There are two sets of permissions to consider in your scenario - the one on the local machine and the one on the remote machine. The ec2-user does not have permissions to access the the /root folder on the local machine. Using
sudo resolves that. However, you login to the remote machine as a non-root user, and there you do not have permissions to write to the /root folder. That is the cause of the error you are seeing. (You could probably confirm this by adding the -v flag to your scp command).
There are at least two ways in which you can solve this:
The easy way:
SCP your file to a directory on the remote permission that you have write permissions for (home directory (~/) should be good, if it doesn't the /tmp directory will almost certainly work, but is less secure), and then SSH in and move the file.

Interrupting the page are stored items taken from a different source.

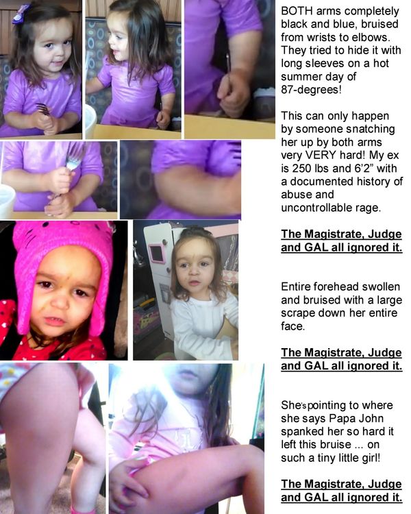 Lilly's father has filed motion after motion in that corrupt court and produced several photos of the horrific abuse to his daughter Lilly. Judge Lawson has dismissed each and every motion filed and has completely ignored the abuse to this child.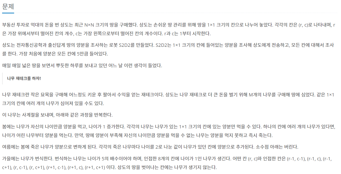 하지만 어린 나무부터 양분을 먹는 과정에서 리스트의 정렬이 시간초과를 야기하여 우선순위큐로 바꾸었다.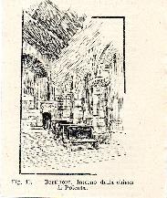 Minuscola stampa antica con veduta dell'interno della Pieve di San Donato in Polenta, nell'omonima frazione del comune di Bertinoro, in provincia di Forlì-Cesena. |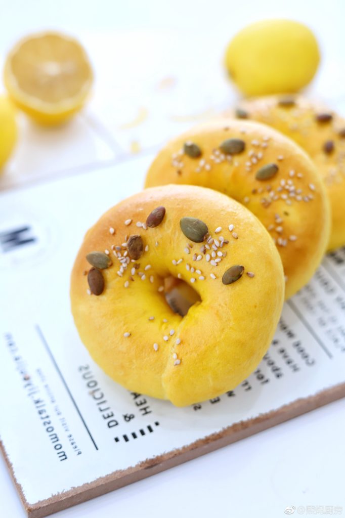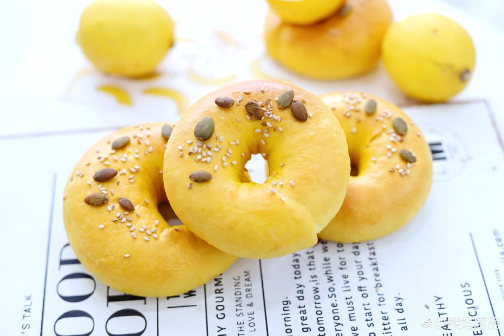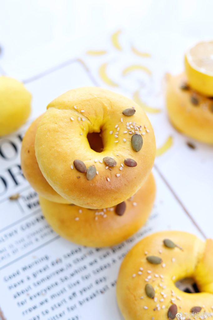 綿綿甜甜的南瓜,顔色也非常漂亮做成金燦燦胖嘟嘟的南瓜貝果一級棒柔軟的內部,自然的香氣面粉和南瓜的香氣是喚醒早晨的仙氣是你最好的早餐好朋友。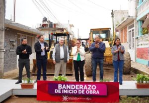 Previamente, la Alcaldesa visitó la colonia Constituyentes, donde dio el banderazo de inicio a la pavimentación con concreto hidráulico de 676 metros cuadrados de superficie en la calle Fernando Z. Mercado, obra que también incluye guarniciones, banquetas, alumbrado público, rampas, áreas jardinadas y guías podotáctiles.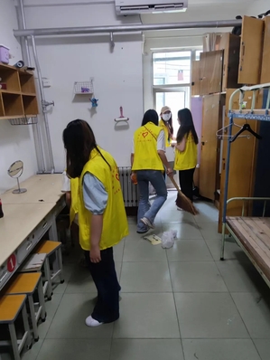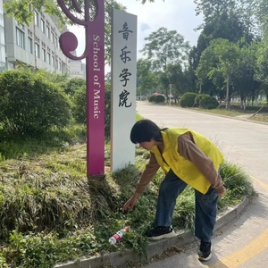 为进一步深入新时代文明实践志愿服务工作,权益部的工作人员及志愿者共同清理校内的卫生死角。

sudo scp -i /root/path/to/keypair.pem /root/path/to/local_file email@example.com:~/path/to/remote_file
ssh -i /root/path/to/keypair.pem firstname.lastname@example.org
sudo mv ~/path/to/remote_file /root/path/to/remote_file
The harder way
It is possible to transfer a file over SSH, and to execute sudo on the remote machine using this SSH connection, however, the remote machine needs to allow it. By default on Amazon's Linux (which it appears you are running from your user name), you cannot run sudo without a tty. To change this, on the remote machine, run
visudo and comment out
Defaults requiretty (line 56), and save the file.
After that, you can either:
Pipe your key through SSH (note, you still need sudo to read the local file):
sudo cat /root/path/to/local_file | ssh -v -i /root/path/to/keypair.pem email@example.com "sudo bash -c 'cat - > /root/path/to/remote_file'"
Or, redirect your key through SSH (sudo only applies to the first part of the command, so you either need to become root, or put the entire command in a script and use sudo):
ssh -i /root/path/to/keypair.pem firstname.lastname@example.org sudo sh -c '"cat > /root/path/to/remote_file"' < /root/path/to/local_file
(Some programs do seem to be able to 'sudo after login over scp' (e.g. WinSCP), however I don't know of any way to run a command over scp - perhaps SSH is used to transfer the file in those scenarios)
The other way, is to allow root logins on the remote machine, and then login directly as root over SCP (still using sudo locally). Undo whatever changes you make with visudo once you are done with them.